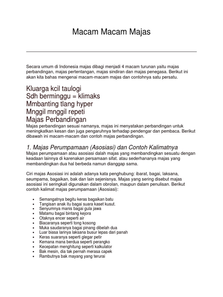 20 Macam Macam Majas Dan Contohnya Lengkap
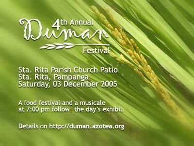 I wrote about last year’s Duman Festival on this blog. This year, I’m making good on my promise to document the process of bringing it from the field to the table. In fact, I was out taking pictures of the lacatan malutu (red-husked glutinous rice plants) yesterday, with two of Arti Sta. Rita’s writing staff comparing common rice leaves and stalks with those of the lacatan. Most of the documentation will be on the Duman Festival website (online but still under construction).
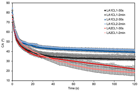 Figure 4 shows the registered dynamic water contact angle results for the different blends after 30 s or 2 min of crosslinking reaction time. The results revealed that all WCA started between 75° and 85°, showing a slightly hydrophobic behavior of all blends. Furthermore, the crosslinking time did not influence the water affinity of the blends, since no significant differences in the water spreading could be registered between the different crosslinking reaction times. However, some differences can be noticed concerning the composition of the blends. The evidence of mCL and mLA amount in the blends composition can be perceived from the obtained results. The adhesives with higher amount of mCL showed to have a less hydrophilic surface, with a final WCA of around 43°, due to PCL’s strong hydrophobic nature [20]. On the other hand, the adhesives with higher amount of mLA (LA2CL1) presented lower WCA (around 20°) due to the presence of the hydrophilic OH groups from LA [2], with the tendency to decrease, while the adhesives LA1CL1 and LA1CL2 presented a stable WCA of around 40° and 35°, respectively, after 35 s. Therefore, the presence of a higher amount of mLA influences the biological response of these materials.
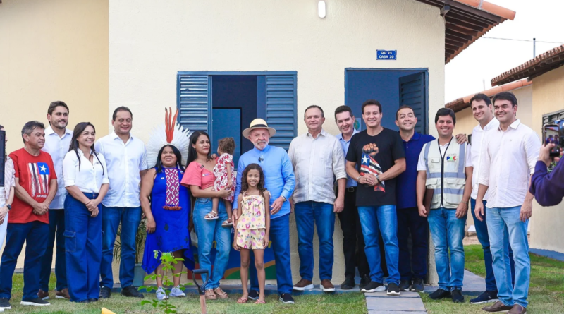 Após a cerimônia de entrega de unidades do Minha Casa, Minha Vida nesta segunda-feira(6) em Imperatriz, o presidente Lula reuniu o governador Carlos Brandão (PSB), o vice-governador Felipe Camarão (PT) e membros do grupo brandonista e dinista para uma foto oficial.

[What you will do]
Give back the material exactly as written, from its first line to the line that contains "I wrote about", and leave out the pictures.

[Solution to this problem]
 20 Macam Macam Majas Dan Contohnya Lengkap
 I wrote about last year’s Duman Festival on this blog. This year, I’m making good on my promise to document the process of bringing it from the field to the table. In fact, I was out taking pictures of the lacatan malutu (red-husked glutinous rice plants) yesterday, with two of Arti Sta. Rita’s writing staff comparing common rice leaves and stalks with those of the lacatan. Most of the documentation will be on the Duman Festival website (online but still under construction).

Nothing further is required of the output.